Terör suçlamalarına sessiz kalmayacağız / Arap Yarımadası muhaliflerini destekliyoruz

Şeyh Safiyuddin şu ifadelerde bulundu: ‘Hizbullah olarak, bizi tek kelimeyle dahi hedef alan herkesin, kim olursa olsun cevabını duyması gerektiğini dünyanın bilmesi önemlidir. Kendimize terörist denmesine sessiz kalmayacak ve buna izin vermeyeceğiz. Bu bize yapılmış bir saldırıdır.

Biz, Yemen ve Venezüella olmak üzere Arap Yarımadası'ndaki tüm mazlumları savunmak için konuşuyoruz ve günlük gücümüzün Filistin davasını savunmak olduğunu söylüyoruz.

Arap Yarımadası muhaliflerinin yanındayız ve onları destekliyoruz ve onlara iyi bir yaşam diliyoruz, çünkü bunu hak ediyorlar.

Direniş hareketi şüphesiz galip gelecektir.
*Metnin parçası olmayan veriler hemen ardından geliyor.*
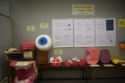 本年度の文化の部理科展示では、高等部5年生が「ヒトの臓器の巨大模型」の作製をしました。それぞれが作りたい臓器を選び、大きく、大きくを目標に作りました。ダンボールや模造紙、ご提供いただいた漁業用のブイ(浮き)を駆使し作成しました。
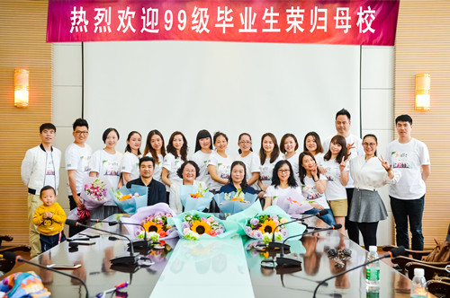 副书记马玲、99级音乐班班主任吴雪梅、任课教师丁运东、冯洁、张晋良、高昕、徐丽娅等在洞山校区热烈欢迎每一位99级音乐班学子的到来。“热烈欢迎99级毕业生荣归母校”的横幅、热情洋溢相谈甚欢的师生、“20年再聚首,青春无痕”的T-shirt,巍峨的音乐舞蹈系大楼和专业华丽的音乐厅,这些元素共同见证了母校喜迎学子、学子荣归母校的喜悦之情。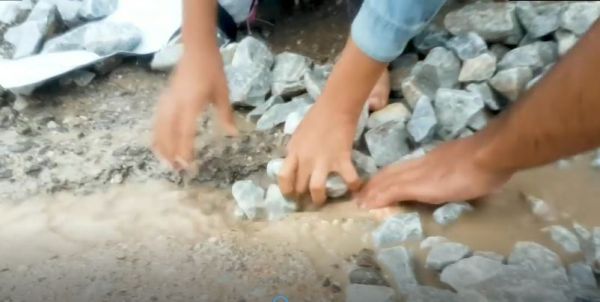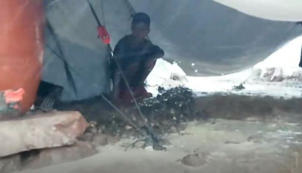 Με γυμνά χέρια και ξυπόλητοι -ή στην καλύτερη περίπτωση φορώντας παντόφλες- προσπαθούν να σκάψουν αυλάκια ώστε να αποτρέψουν την εισροή της βροχής στις σκηνές τους.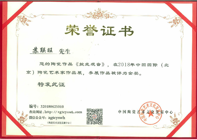 2018年6月,作品《披坐觀音》榮獲2018年中國國際(北京)陶瓷藝術(shù)家作品展評比金獎(jiǎng);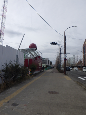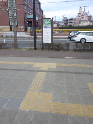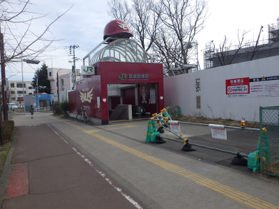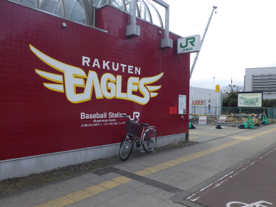 この日も,宮城野原駅の球場側の駅舎前に,1台の自転車が違法駐輪されていた。この自転車は,前日も同じ場所に駐輪していた違法駐輪常連のものだ。毎度毎度の繰り返しになるが,この位置に1台だけ違法駐輪されている分には,点字ブロックの利用の支障にはならないが,真似をする自転車が他に出てくると,確実に点字ブロック利用の邪魔になる。管理者には,そうなる前に早急の対応をお願いしたい。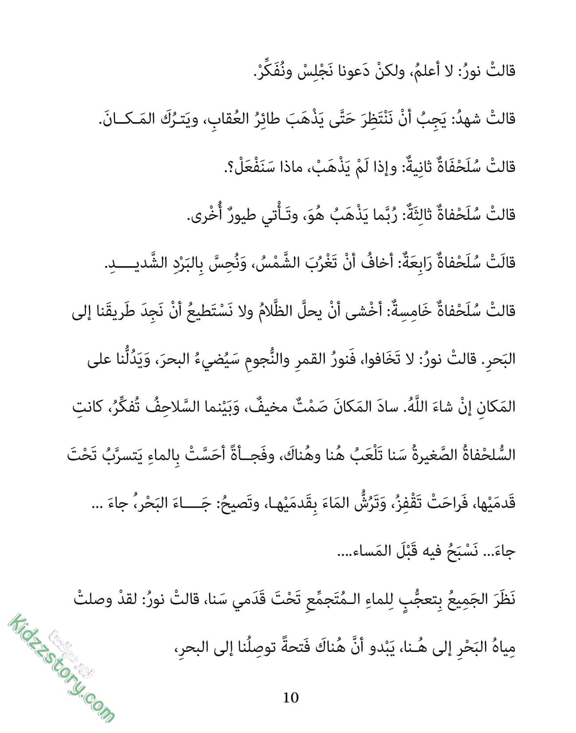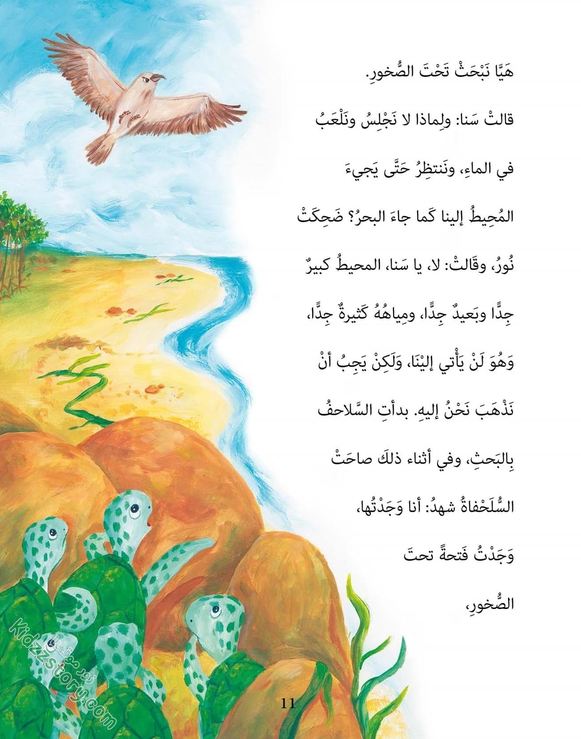 ضحكت نور وقالت: “لا يا سنا، المحيط كبير جدا وبعيد جدا، ومياهه كثيرة جدا، وهو لن يأتي إلينا، ولكن يجب أن نذهب نحن إليه.”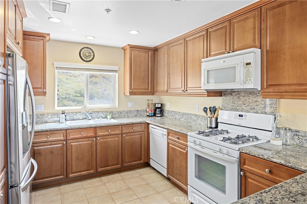 OVERSIZED 2 CAR ATTACHED GARAGE | END UNIT | PANORAMIC MOUNTAIN VIEWS | Welcome to this stunning 3-story end unit condo in the prestigious Sierra Del Oro community along Green River Road—offering the closest commute to Orange County! This beautifully upgraded home combines space, style, and scenic views, perfect for comfortable and convenient living. The ground floor features an oversized and insulated 2-car garage with durable epoxy flooring. Upstairs, enjoy a spacious living room with a fireplace and large windows framing breathtaking mountain views. Step onto the serene patio—ideal for relaxing evenings overlooking the hills. The home is filled with natural light, dual pane windows, recessed lighting, and ceiling fans throughout. The elegant dining room flows into the Chef’s kitchen, featuring granite countertops, upgraded cabinetry, breakfast bar seating, a gas range, dishwasher, and a newer stainless-steel refrigerator. You'll love the open sightlines to the lush green hillside and the community pool and spa area. Upstairs, the expansive primary bedroom features its own private balcony with slider doors opening to sweeping views of snowcapped mountains. The ensuite bathroom includes granite countertops, dual sinks, walk-in shower, privacy door, and a generous walk-in closet. Bedroom two is bright and spacious, perfect as a guest room or home office, with its own mountain views. A third full bathroom with a tub/shower combo is conveniently located in the hallway. A separate laundry room includes a washer and dryer. The main floor also offers an oversized powder room with a pedestal sink. Just steps from your front door, enjoy the community pool, spa, and shaded lounge area—perfect for entertaining or relaxing. ENERGY EFFICIENCY features include recessed lighting, dual pane windows, ceiling fans throughout, Tesla EV Charger and cable. COMMUTING: Enjoy the short commute off Green River exit - 1st exit off OC with easy access to 91 Expressway, 241 Expressway, 71/55/57/15. NEARBY: Shopping, dining, parks, golf course, and hiking trails. With its ideal location and spectacular views, this home is a must-see!

Hacı Kasım'ın komutasındaki Direniş Ekseni'nin yaptıkları, umutları tazeledi ve İslam Ümmeti'nin onurunu ve kimliğini korumak için bizi kurtuluş yoluna koydu.

 

Biz sınırlarını ve su kaynaklarını koruyan Lübnan'ın savunucularıyız.’

Arap Yarımadası Muhalifleri İslami Siyasi Birliği'nin Kurulması

Bugünkü toplantının da adını ondan aldığı "Arap Yarımadası Muhalifleri Derneği" adlı bir teşkilatın üyesi olan Abbas es-Sadık, bu toplantıda yaptığı konuşmada şunları söyledi: ‘Suudi Arabistan Veliaht Prensi Muhammed bin Salman, bu ülkede yolsuzluk çıkarmış halkın malına el koymuştur.’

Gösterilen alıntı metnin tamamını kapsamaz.